Task details – Pictures must be left out. Retype exactly the lines from the one containing "Gold Nugget is" through the last line of the records below.

Extracted information –
◇ ◇ ◇ ◇ ◇ ◇ ◇

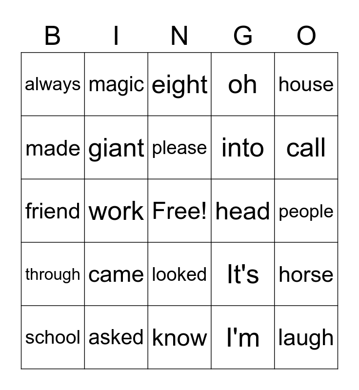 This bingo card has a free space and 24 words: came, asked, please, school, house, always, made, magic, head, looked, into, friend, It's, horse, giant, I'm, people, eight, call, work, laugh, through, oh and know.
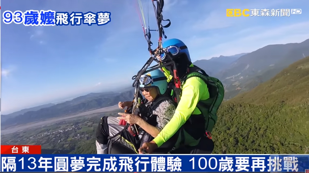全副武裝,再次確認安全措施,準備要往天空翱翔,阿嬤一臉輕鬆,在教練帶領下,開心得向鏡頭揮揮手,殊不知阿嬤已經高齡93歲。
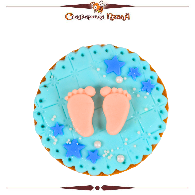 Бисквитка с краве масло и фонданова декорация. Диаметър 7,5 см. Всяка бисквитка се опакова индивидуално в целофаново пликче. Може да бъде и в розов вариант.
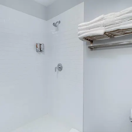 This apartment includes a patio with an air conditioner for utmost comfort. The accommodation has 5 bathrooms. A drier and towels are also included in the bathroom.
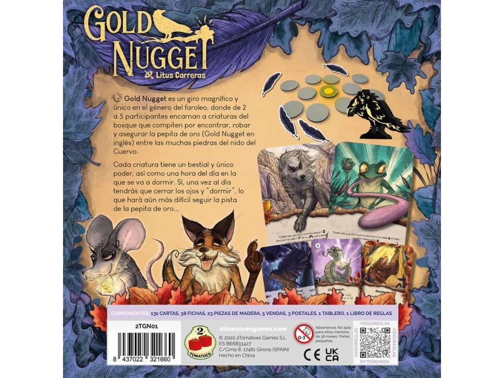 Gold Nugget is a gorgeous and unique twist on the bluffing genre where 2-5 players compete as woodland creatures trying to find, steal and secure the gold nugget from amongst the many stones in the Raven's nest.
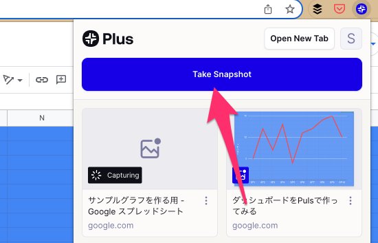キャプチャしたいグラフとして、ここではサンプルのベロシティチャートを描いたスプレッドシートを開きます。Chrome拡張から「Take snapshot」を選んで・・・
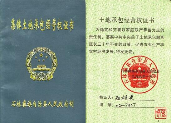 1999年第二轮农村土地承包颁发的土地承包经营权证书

◇ ◇ ◇ ◇ ◇ ◇ ◇

Task output –
 Gold Nugget is a gorgeous and unique twist on the bluffing genre where 2-5 players compete as woodland creatures trying to find, steal and secure the gold nugget from amongst the many stones in the Raven's nest.
キャプチャしたいグラフとして、ここではサンプルのベロシティチャートを描いたスプレッドシートを開きます。Chrome拡張から「Take snapshot」を選んで・・・
 1999年第二轮农村土地承包颁发的土地承包经营权证书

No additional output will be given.